Comment by Alasdair Murray on February 16, 2012 at 3:48am

PS - I will say at this juncture that it kind of saddens yet at the same time amuses me that whenever anyone dares to open up a debate that is anything but pro social recruiting straight away there is a feeling of outrage that emanates from the few that have actually had any success doing it. It's surely a can of worms that needs opening on a regular basis and discussing like adults - i.e. rationally, with questions like "If we don't know what 75% if Facebook members do for a living how can we be sure they are relevant other than by their age and where they live?". You an hardly formulate accurate data when such a high percentage won't even tell you what profession they are in. That's why I believe Faceboojk to be very hit and miss as a recruiting vehicle. But, as I said, I am happy  to be proved wrong. We just need the market to be flooded with success stories rather than as it is currently - lightly peppered with them.
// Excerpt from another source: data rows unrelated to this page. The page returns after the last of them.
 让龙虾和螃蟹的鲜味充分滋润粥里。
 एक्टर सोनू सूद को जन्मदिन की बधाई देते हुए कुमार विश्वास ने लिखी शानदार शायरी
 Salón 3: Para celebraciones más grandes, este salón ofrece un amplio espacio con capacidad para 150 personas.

Comment by Brian K. Johnston on February 16, 2012 at 9:49am

Good article... If you want a free copy of my book, that proves it works, send me an email..  brian AT johnstonsearch DOT com ....  What I have learned, is people don't know "how" to recruit in social media.. (totally different skills set)  Best to ALL...

Comment by Elise Reynolds on February 16, 2012 at 10:28am

Most people would rather not be recruited on Facebook and a few people are actually offended by it.  That does not stop me from trying to use it.  If possible I will use Facebook for a name generator and then try and call that person at the office.  That person never needs to know that I first discovered them on Facebook.  I have messaged people I thought might make good candidates on Facebook and I got no real responses. 
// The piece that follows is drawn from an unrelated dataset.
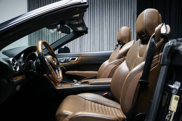 SL 550 Roadster, Amazing Magnetite Black Metallic Exterior on Brown Premium Leather Interior with Burl Walnut Interior Trim, AIRSCARF Neck and Shoulder Heating for Top Down Driving on Chilly Days, Keyless-Go, Electronic Trunk Closer, Heated/Ventilated/Power/Massaging/Memory Leather Seats, Sport Steering Wheel with Aluminum Shift Paddles, Harman Kardon Premium Audio System, Navigation, Power Operated Hardtop Convertible Roof, Dual Zone Automatic Climate Control, Auto Dimming Rearview Mirrors, and so many more options to list. A Must See.
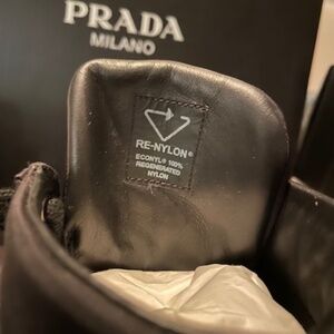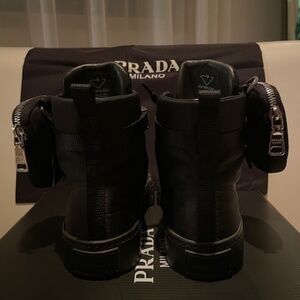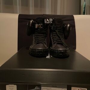 Wheel Re-Nylon high-top sneakers are a Prada classic. High top lacing sneakers, enamel triangle logo, removable pouch, round head, front lace, insole decorated with brand logo, clasp. Shoe is new, never worn.This sneaker is size 36 with box and shoe bag , For true size 6. If wear between size 6 and 6 1/2, this sneaker will not fit.

Facebook is limiting because people rarely spell out their role and employer.  I do use Linkedin quite a bit.  I really don't get Twitter, at least not for the kinds of jobs I recruit .

Comment by Samantha Lacey on February 16, 2012 at 10:56am

Facebook is useful from a corporate, in house recruiter point of view as a brand builder. Next Retail in the UK and L'Oreal are good examples of careers pages on FB. FB can also be used for very targeted advertising, if you want your job ad to appear to graduates you can target it so it only appears on the pages of those who have identified themselves as students graduating in 2012 or whatever year is relevant. You have to keep the ad simple of course, but a few words that then directs people to the careers site is easy enough. Facebook is not the best for active targeting of candidates as so few are happy to be approached on there, but people are increasingly using Facebook as the "central hub" of their online world., we can read the news, engage with brands and do any number of things through it, it's only a matter of time (in my humble opinion) before we are able to properly job search and seek candidates through it. I think I read last week that it is the most visited webpage in the world. For me, LinkedIn is the way to go for candidate mapping and direct approaches (although nothing beats a phone call!).